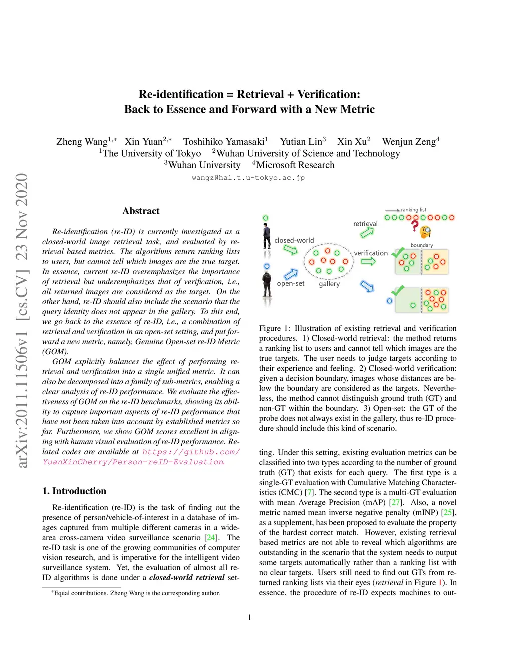 Re-identification (re-ID) is currently investigated as a closed-world image retrieval task, and evaluated by retrieval based metrics. The algorithms return ranking lists to users, but cannot tell which images are the true target. In essence, current re-ID overemphasizes the importance of retrieval but underemphasizes that of verification, \textit{i.e.}, all returned images are considered as the target. On the other hand, re-ID should also include the scenario that the query identity does not appear in the gallery. To this end, we go back to the essence of re-ID, \textit{i.e.}, a combination of retrieval and verification in an open-set setting, and put forward a new metric, namely, Genuine Open-set re-ID Metric (GOM). GOM explicitly balances the effect of performing retrieval and verification into a single unified metric. It can also be decomposed into a family of sub-metrics, enabling a clear analysis of re-ID performance. We evaluate the effectiveness of GOM on the re-ID benchmarks, showing its ability to capture important aspects of re-ID performance that have not been taken into account by established metrics so far. Furthermore, we show GOM scores excellent in aligning with human visual evaluation of re-ID performance. Related codes are available at https://github.com/YuanXinCherry/Person-reID-Evaluation
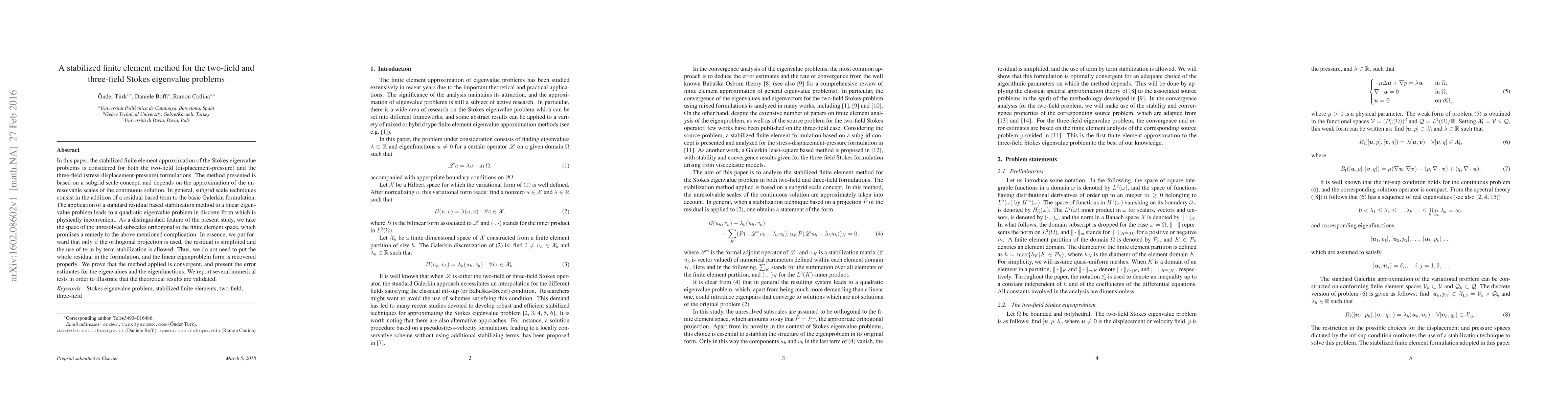 This paper proposes a stabilized finite element method for solving the Stokes eigenvalue problems in both two-field and three-field formulations, employing a subgrid scale concept. The method simplifies the residual and maintains the linear eigenvalue problem form by using orthogonal projection of unresolved subscales, ensuring convergence and providing error estimates. Numerical tests validate the theoretical results.
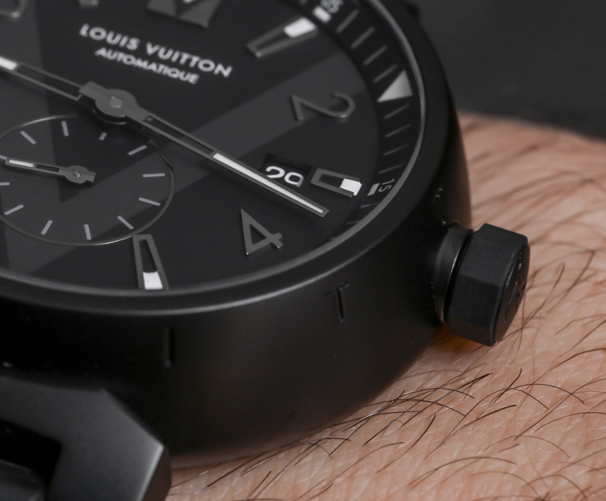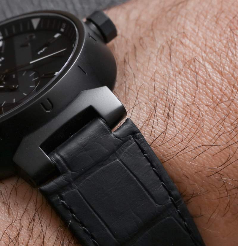如果您想要更大的表殼佩戴體驗,Tambour All Black Chronographe 采用 46 毫米寬的表殼(確實感覺更大)。對我來說,Tambour 的理想表殼尺寸仍然是 44 毫米寬。All Black 精鋼表殼的啞光黑色飾面做得很好,并使用 PVD ??應(yīng)用工藝進(jìn)行應(yīng)用。表帶扣是 DLC 涂層的黑色,這可能是一件好事,因為它提供了更多的耐磨性,而帶扣往往會導(dǎo)致鐘表的大部分磨損。
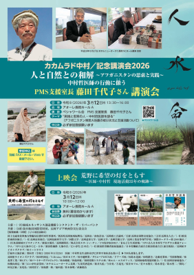 | 時間 | PMS支援室長「藤田千代子さん講演会」 上映会「荒野に希望の灯をともす~医師・中村哲現地活動35年の軌跡~」 |
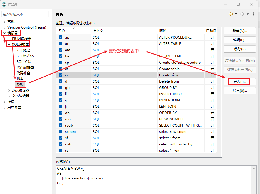 参照 SSMS 的 SQL Prompt 已经设置一些列的 Sql 自动生成模板,配置文件下载路径如下: templates.zip 。下载后解压得到“templates.xml”,再按下面的方法导入:
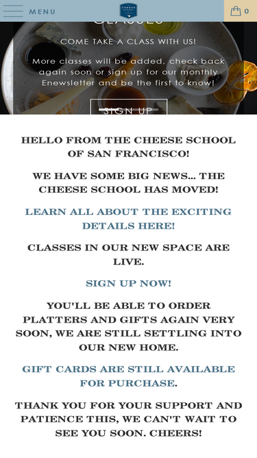 Eating is learning! Attend a class, book private events (team building, bridal showers, private parties). Order artisan cheese and charcuterie platters.
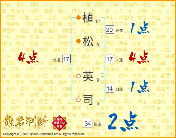 植松英司さんの総運は34画の2点!

————

* [Action item]:
Print the records again exactly, without the pictures.

* [Result for this task]:
 Re-identification (re-ID) is currently investigated as a closed-world image retrieval task, and evaluated by retrieval based metrics. The algorithms return ranking lists to users, but cannot tell which images are the true target. In essence, current re-ID overemphasizes the importance of retrieval but underemphasizes that of verification, \textit{i.e.}, all returned images are considered as the target. On the other hand, re-ID should also include the scenario that the query identity does not appear in the gallery. To this end, we go back to the essence of re-ID, \textit{i.e.}, a combination of retrieval and verification in an open-set setting, and put forward a new metric, namely, Genuine Open-set re-ID Metric (GOM). GOM explicitly balances the effect of performing retrieval and verification into a single unified metric. It can also be decomposed into a family of sub-metrics, enabling a clear analysis of re-ID performance. We evaluate the effectiveness of GOM on the re-ID benchmarks, showing its ability to capture important aspects of re-ID performance that have not been taken into account by established metrics so far. Furthermore, we show GOM scores excellent in aligning with human visual evaluation of re-ID performance. Related codes are available at https://github.com/YuanXinCherry/Person-reID-Evaluation
 This paper proposes a stabilized finite element method for solving the Stokes eigenvalue problems in both two-field and three-field formulations, employing a subgrid scale concept. The method simplifies the residual and maintains the linear eigenvalue problem form by using orthogonal projection of unresolved subscales, ensuring convergence and providing error estimates. Numerical tests validate the theoretical results.
如果您想要更大的表殼佩戴體驗,Tambour All Black Chronographe 采用 46 毫米寬的表殼(確實感覺更大)。對我來說,Tambour 的理想表殼尺寸仍然是 44 毫米寬。All Black 精鋼表殼的啞光黑色飾面做得很好,并使用 PVD ??應(yīng)用工藝進(jìn)行應(yīng)用。表帶扣是 DLC 涂層的黑色,這可能是一件好事,因為它提供了更多的耐磨性,而帶扣往往會導(dǎo)致鐘表的大部分磨損。
 | 時間 | PMS支援室長「藤田千代子さん講演会」 上映会「荒野に希望の灯をともす~医師・中村哲現地活動35年の軌跡~」 |
 参照 SSMS 的 SQL Prompt 已经设置一些列的 Sql 自动生成模板,配置文件下载路径如下: templates.zip 。下载后解压得到“templates.xml”,再按下面的方法导入:
 Eating is learning! Attend a class, book private events (team building, bridal showers, private parties). Order artisan cheese and charcuterie platters.
 植松英司さんの総運は34画の2点!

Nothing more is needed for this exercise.